* _WHAT THE EXERCISE ASKS_: Reproduce all the data exactly, without pictures.

RECORDED INFORMATION Start Marker

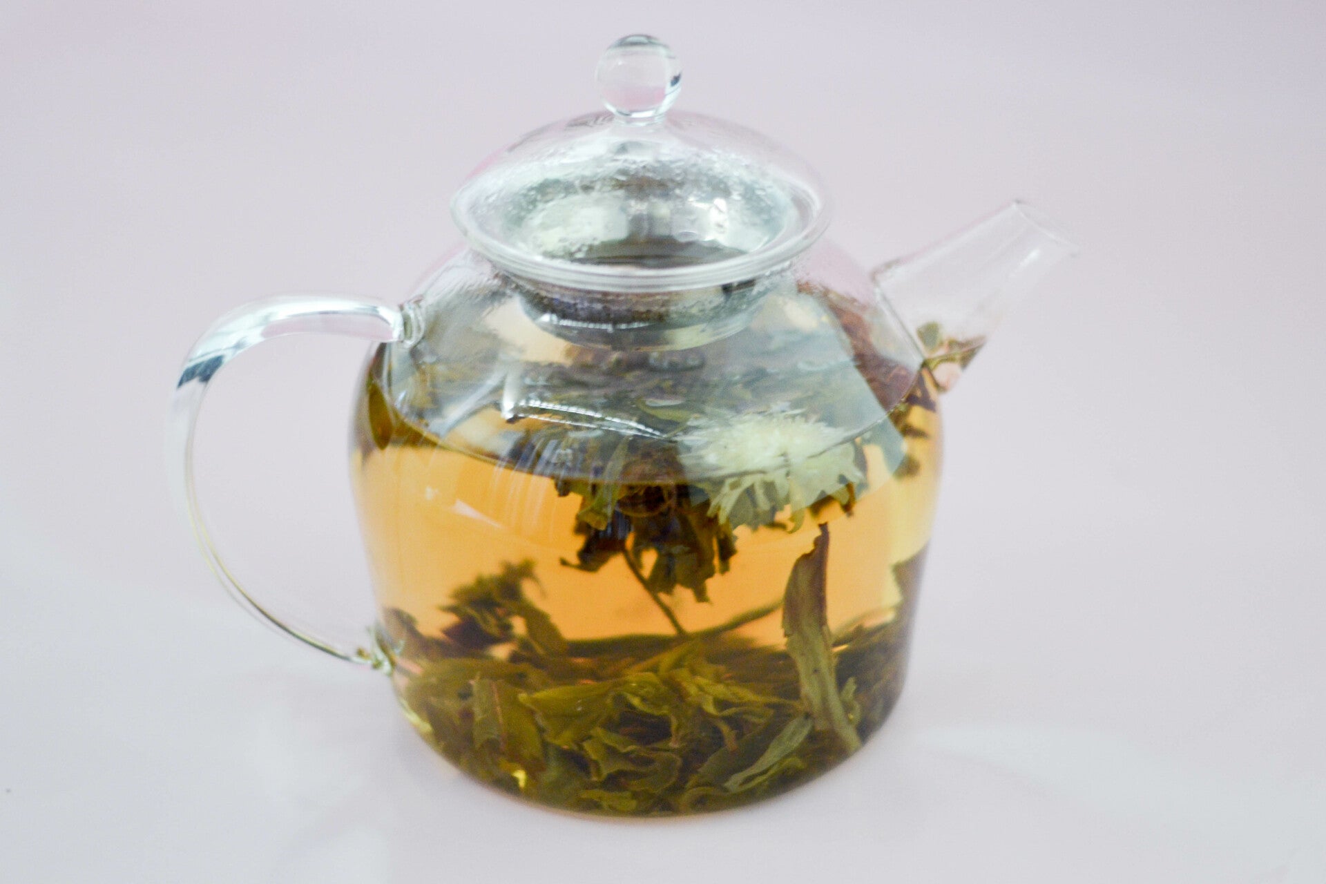 Ingrediënten | Pu-Ehr en per bol een: jasmijnbloem, hibiscus, pioen, chrysant of rozenblad |
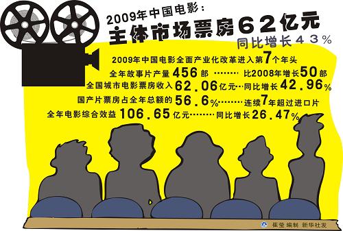 圖表:2009年中國電影:主體市場票房62億元。新華社發(fā)
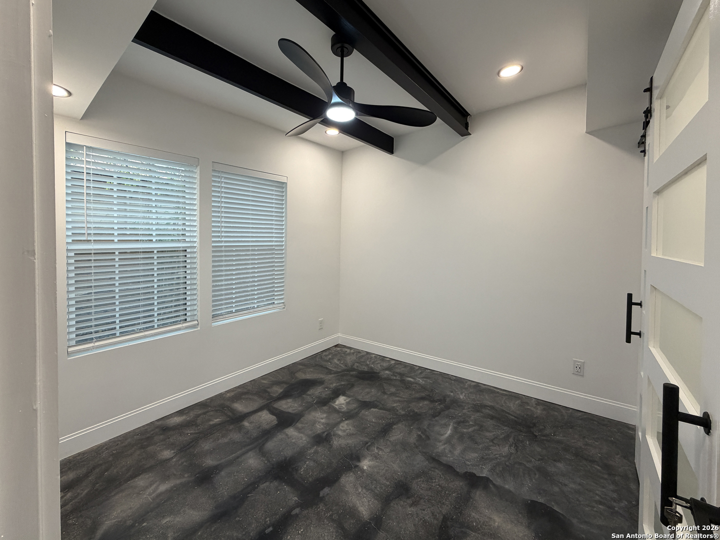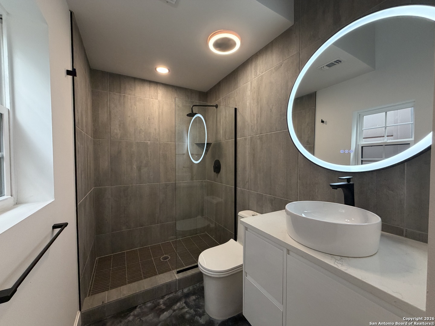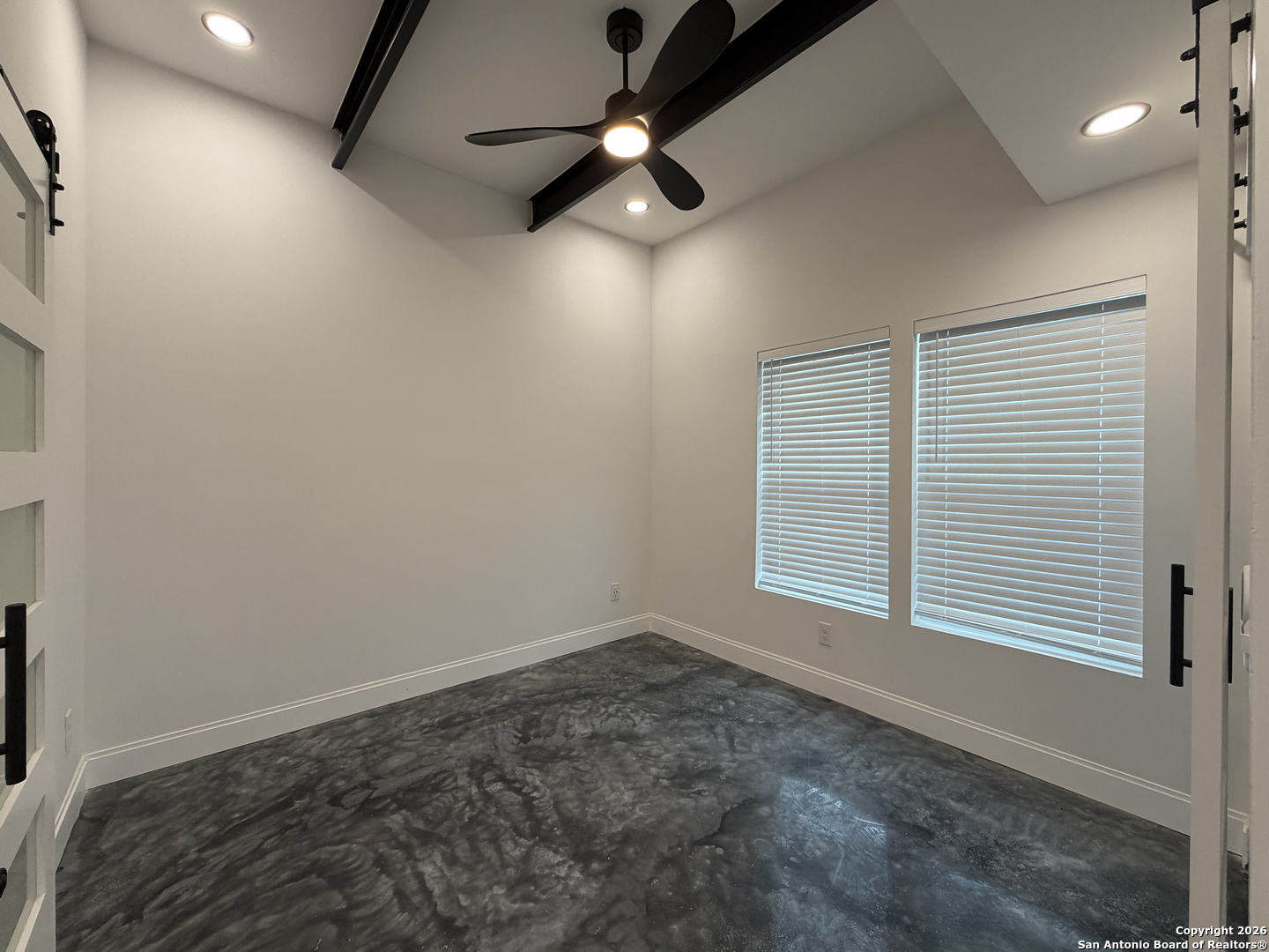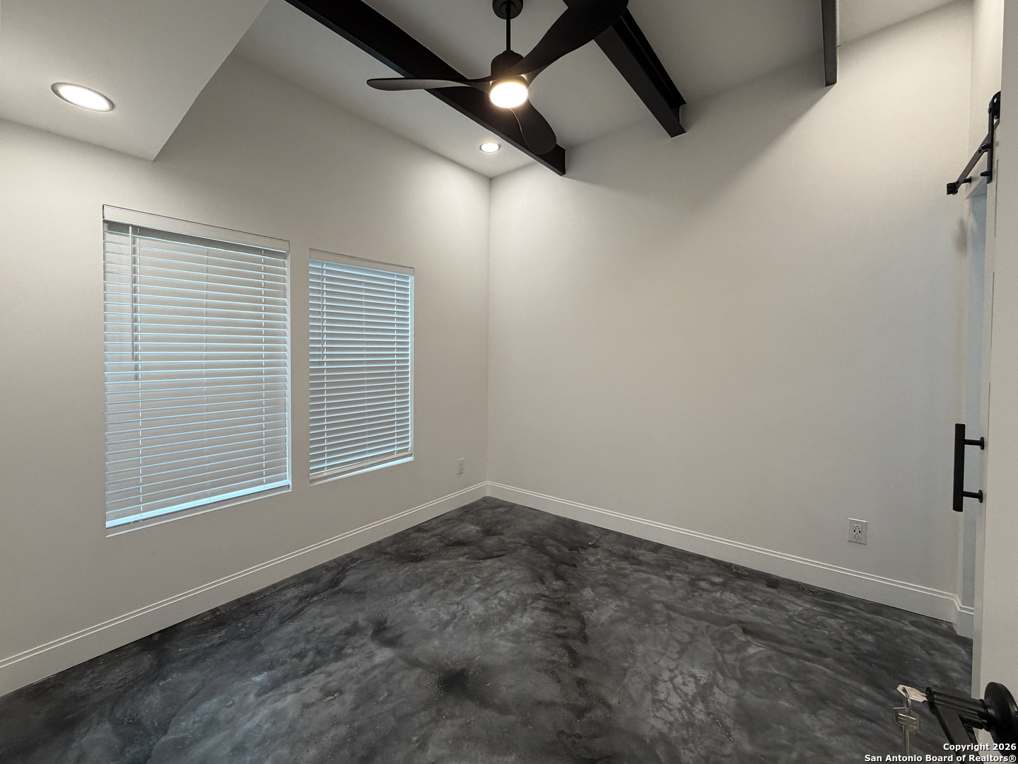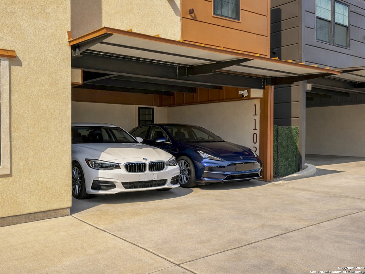 Modern Architectural new-construction home in the heart of Denver Heights. This three-story residence blends industrial design with luxury finishes and offers stunning skyline views. Polished concrete floors throughout provide a sleek contemporary look and enhanced sound insulation between levels. Each bedroom features its own private en-suite bathroom, ideal for roommates or professionals seeking privacy. The first floor includes a private guest suite with a full bathroom, perfect for visitors or a home office. The second floor offers an open-concept kitchen and living area with exposed black steel beams, designer lighting, high-gloss cabinetry, quartz countertops, and a large island, plus a convenient half bath. The third floor features two spacious bedrooms, each with its own en-suite bath. The home is crowned by a private rooftop terrace with sweeping downtown views, including the Tower of the Americas and the Alamodome, creating an ideal outdoor space for entertaining or relaxing above the city. Conveniently located near Downtown San Antonio, The Pearl, Southtown, Blue Star Arts Complex, the River Walk, major highways, dining, nightlife, and cultural destinations. Schedule your showing today and experience elevated urban living.

RECORDED INFORMATION End Marker

* _SOLUTION TO THIS PROBLEM_:
 Ingrediënten | Pu-Ehr en per bol een: jasmijnbloem, hibiscus, pioen, chrysant of rozenblad |
 圖表:2009年中國電影:主體市場票房62億元。新華社發(fā)
 Modern Architectural new-construction home in the heart of Denver Heights. This three-story residence blends industrial design with luxury finishes and offers stunning skyline views. Polished concrete floors throughout provide a sleek contemporary look and enhanced sound insulation between levels. Each bedroom features its own private en-suite bathroom, ideal for roommates or professionals seeking privacy. The first floor includes a private guest suite with a full bathroom, perfect for visitors or a home office. The second floor offers an open-concept kitchen and living area with exposed black steel beams, designer lighting, high-gloss cabinetry, quartz countertops, and a large island, plus a convenient half bath. The third floor features two spacious bedrooms, each with its own en-suite bath. The home is crowned by a private rooftop terrace with sweeping downtown views, including the Tower of the Americas and the Alamodome, creating an ideal outdoor space for entertaining or relaxing above the city. Conveniently located near Downtown San Antonio, The Pearl, Southtown, Blue Star Arts Complex, the River Walk, major highways, dining, nightlife, and cultural destinations. Schedule your showing today and experience elevated urban living.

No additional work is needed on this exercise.